According to the AP, 67 million registrations mostly from Republican-led states have been run through the U.S. Department of Homeland Security’s verification program and tens of thousands of non-citizens and people who have died have been flagged.

Critics said the percentage of non-citizens and deceased individuals is a small fraction of registered voters.

As the Trump administration moves to federalize certain election functions, several states including Colorado have sued to block the administration from gaining access to voter information, citing the U.S. Constitution granting states the right to run elections.

“We know that the Trump administration is doing everything it can to try to assemble essentially a database of all U.S. voters.
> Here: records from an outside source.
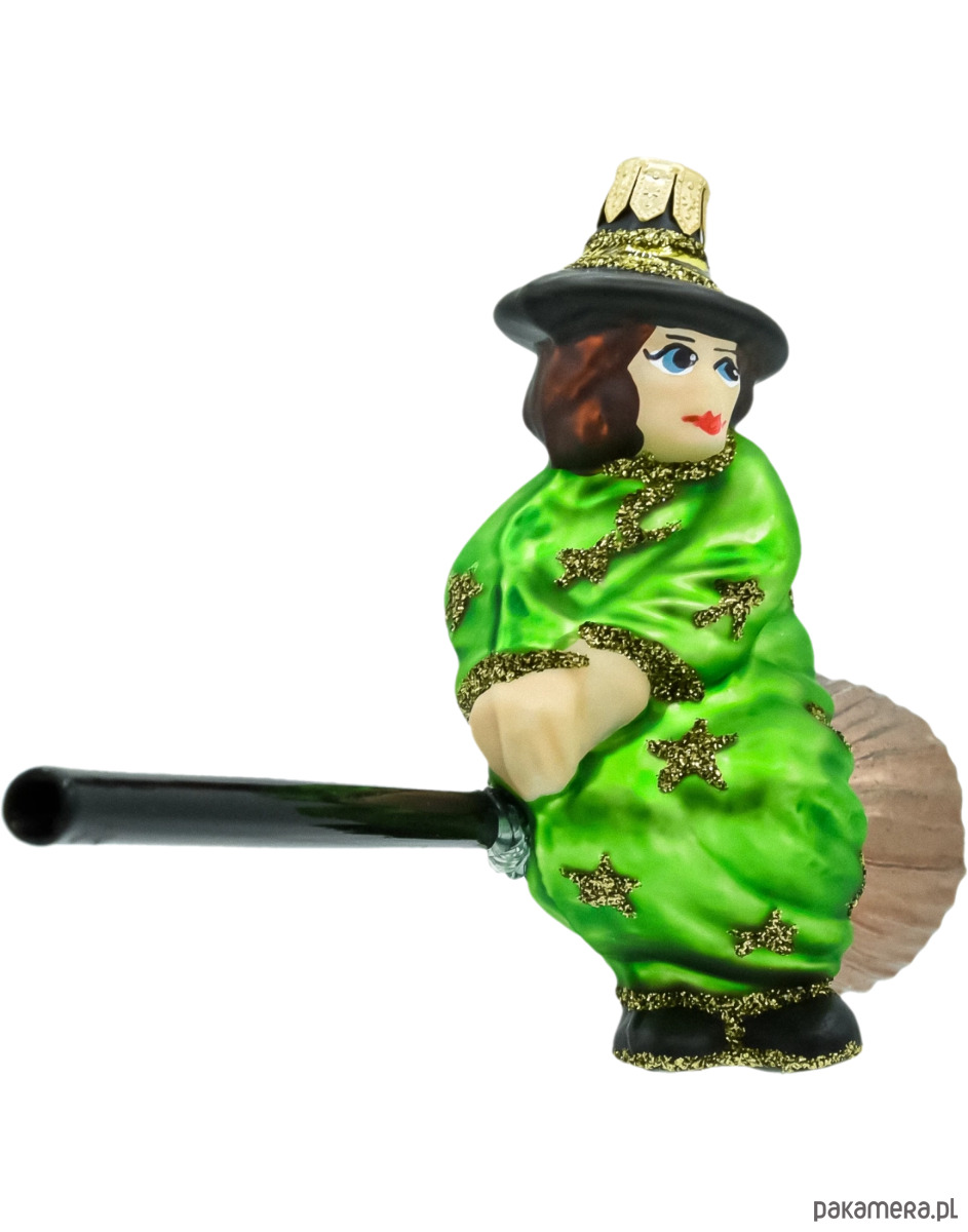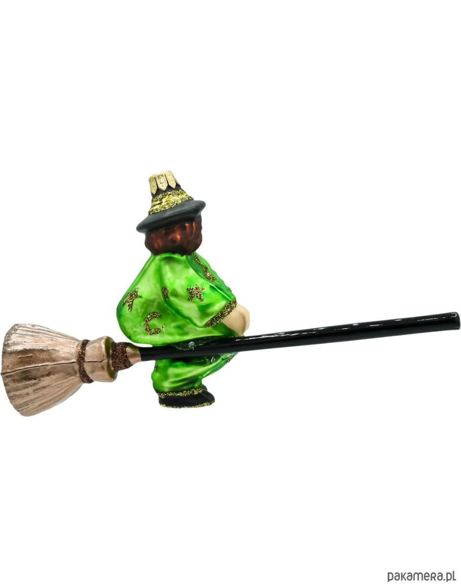 Zdobienia: połyskliwy płaszcz (odcienie żółci/zieleni), złoty brokat, brokatowe gwiazdki, czarny kapelusz z pasami, lakierowana miotła z metaliczną końcówką.
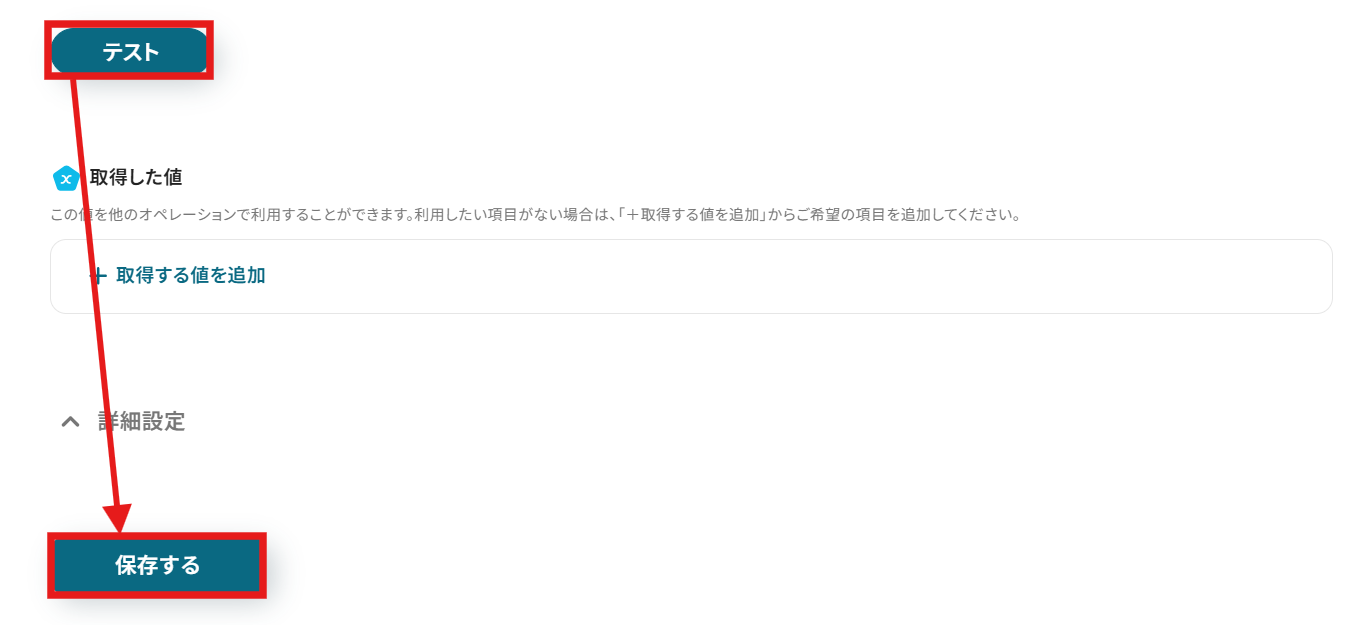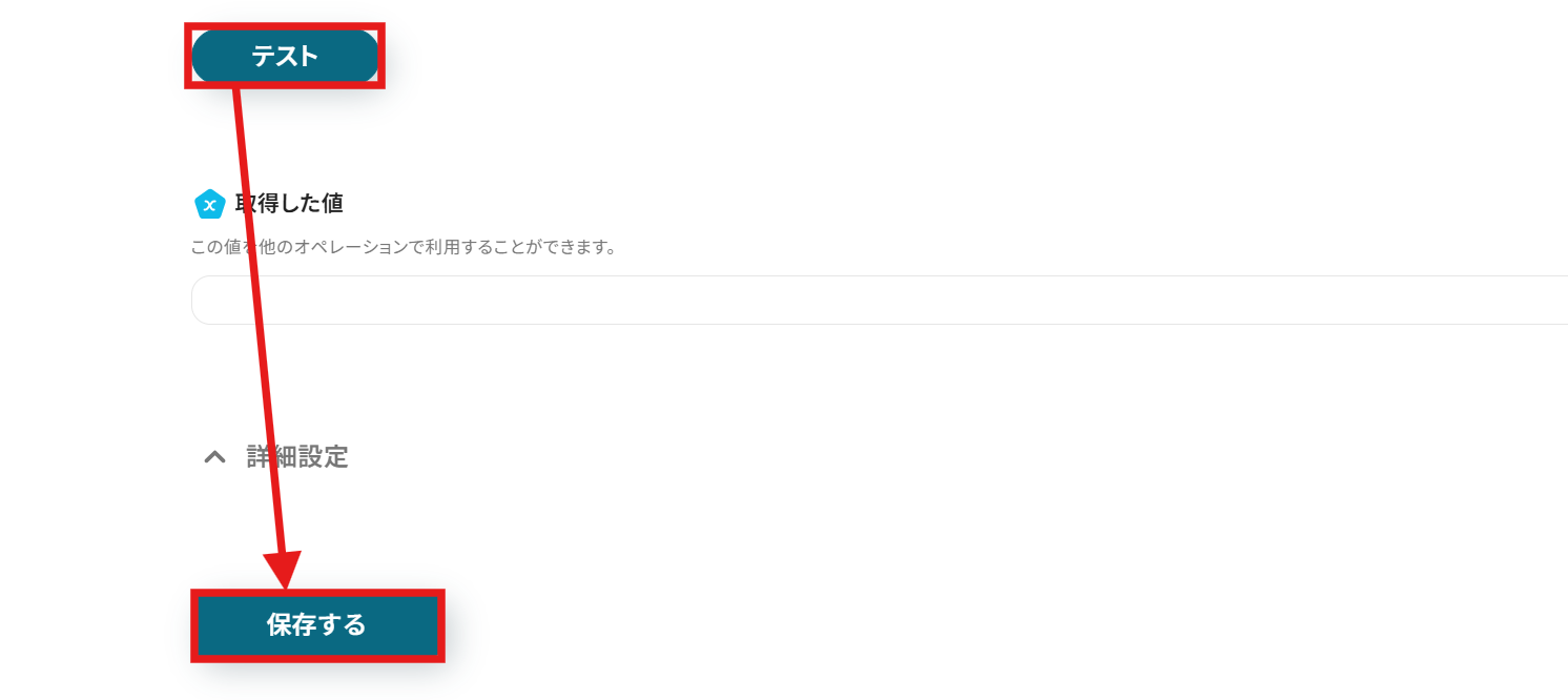 テストが正常に完了すると、「テスト成功」という画面が表示され、サスケWorksから取得した情報を引用できるようになります。 詳しくは以下のリンク先を参照してください。アウトプットについて テストが終わったら、「保存する」をクリックするのを忘れないようにしましょう!
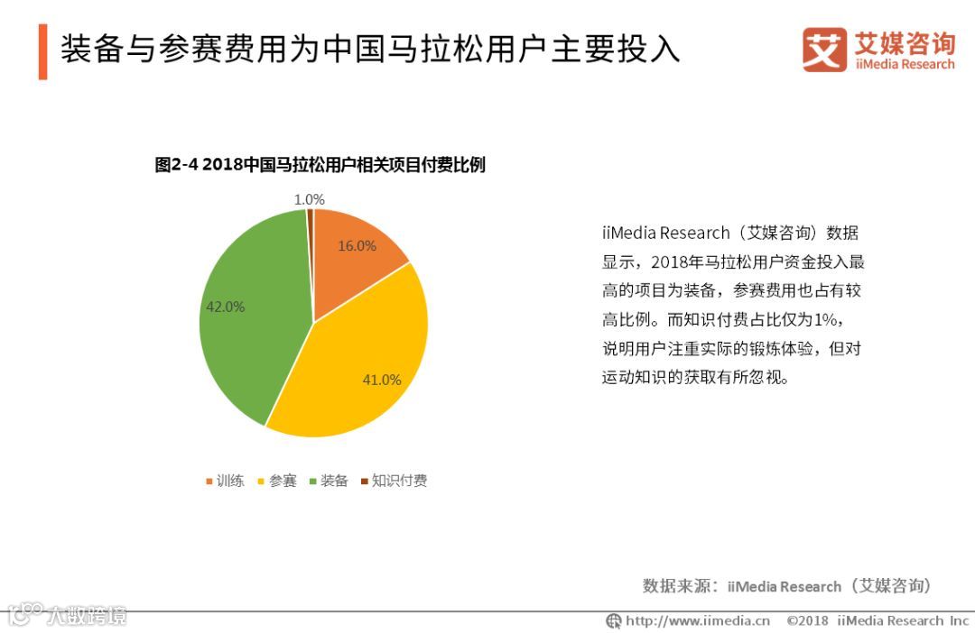 iiMedia Research(艾媒咨询)数据显示,2018年马拉松用户资金投入最高的项目为装备,参赛费用也占有较高比例。而知识付费占比仅为1%,说明用户注重实际的锻炼体验,但对运动知识的获取有所忽视。
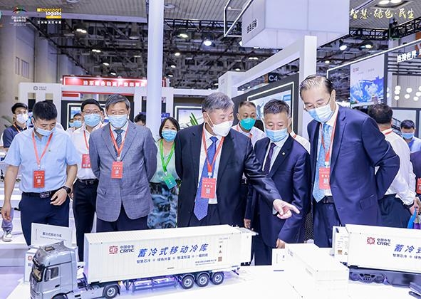 展会现场,蓄冷式智能冷链装备因其无碳排放、恒温保鲜等先进技术优势备受关注,中国交通运输协会会长胡亚东,中国中车党委常委、副总裁马云双等领导莅临展台参观,深入了解中车现代物流解决方案。
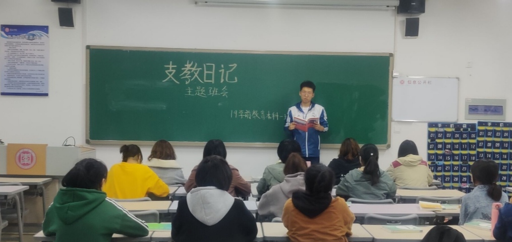 11月6日,我院2019级各班分别于教师教育楼召开“最美的青春,在喀什”支教日记学习主题班会。班会由各班班长主持,2019级全体同学参加。
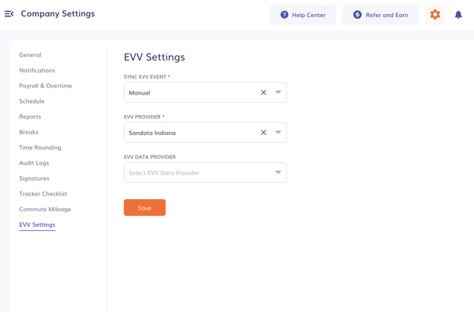 1. Contact a member of the Timeero team to enable EVV on your account. Once enabled you should see EVV Settings under the Company Settings page like below:
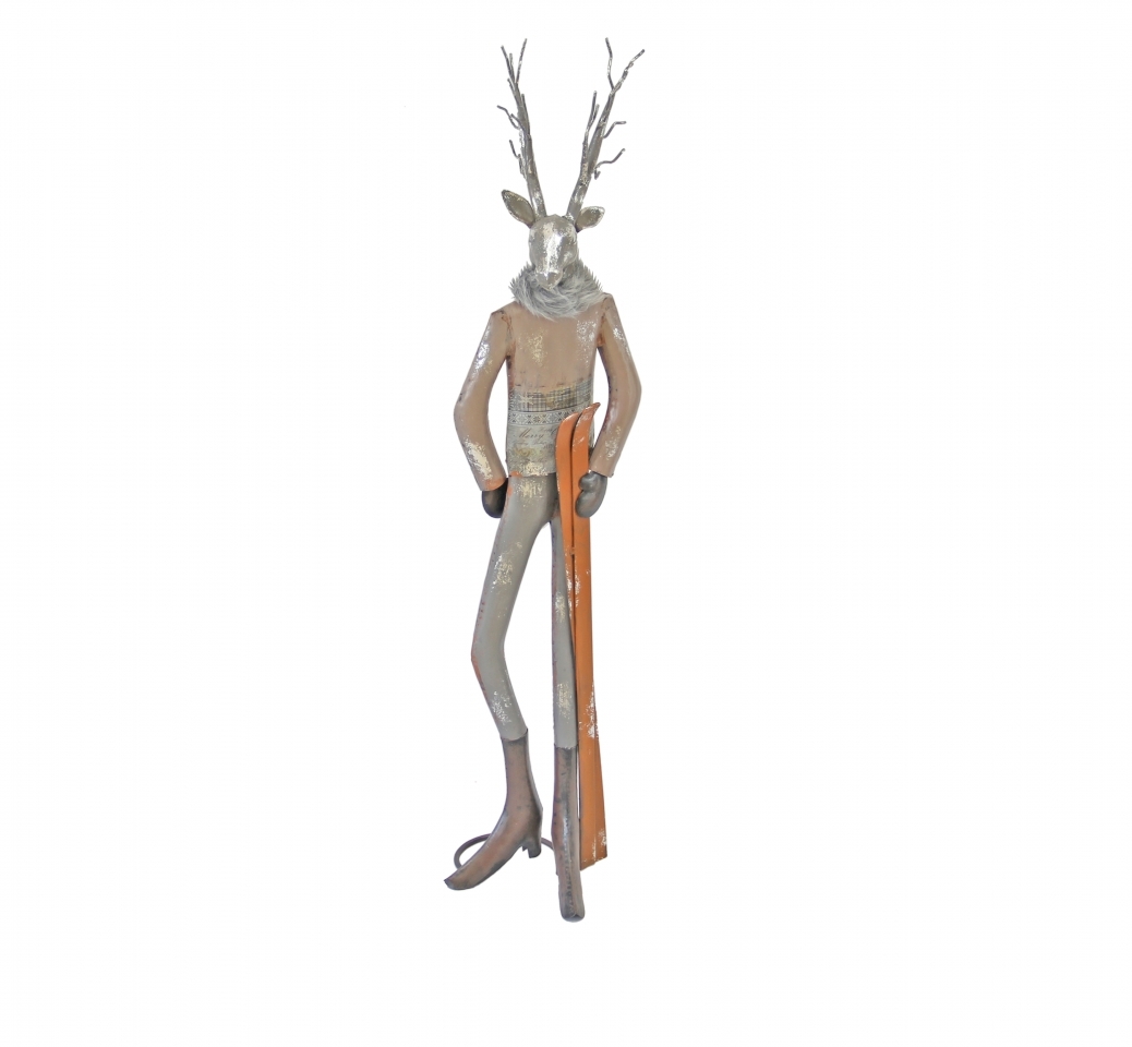 Kovový jelen s lyžemi 77,5 cmmateriál: kovbarva: šedá, bílá, béžová, oranžovározměry:

The desire is to create new restrictive ID requirements that millions of Americans who are eligible voters do not have,” said Aly Belknap, executive director of Colorado Common Cause.

Colorado Common Cause is a nonpartisan nonprofit that describes itself as pro-democracy.

“His mail executive order is really designed around putting the federal government in control of who can and can't receive a mail ballot based on requirements set by the federal government that currently don't apply to voters, so that's where we'll see millions and millions of Americans, if this is implemented, lacking the ID that they need to vote after having been voters for decades,” Belknap said.

Belknap said the Trump administration will require a certified copy of a birth certificate or valid U.S. passport to vote.

“When I'm thinking about the people in my life, I'm thinking about my 65-year-old father, he's been voting for a very long time, and he doesn't have either of those documents,” Belknap said.

Denver Clerk and Recorder Paul López said federal involvement in elections is unnecessary and violates the constitution.

“We already have identification that's required for folks to be able to register to vote, to participate in elections,” Lopez said. “The last, you know, couple of presidential elections we've had have been the most secure elections in U.S. history. It is secure, it's safe.”

López said the federal government’s verification process is confusing voters.

“Who runs elections and who determines the outcome of elections — that's up to the states and the people, that's not up to the president. That's not up to the federal government. That's the way it always has been. That's the way that the constitutional framers intended it to be,” López said.

A new Ohio law requires local election boards to “promptly” cancel the registrations of people whom the secretary of state identifies as non-citizens during registration checks that the official is required to make at least monthly.

Ohio Secretary of State Frank LaRose, a Republican, said in an email that people’s voting rights are not in danger because “all they need to do to immediately restore their registration status is show proof of citizenship.”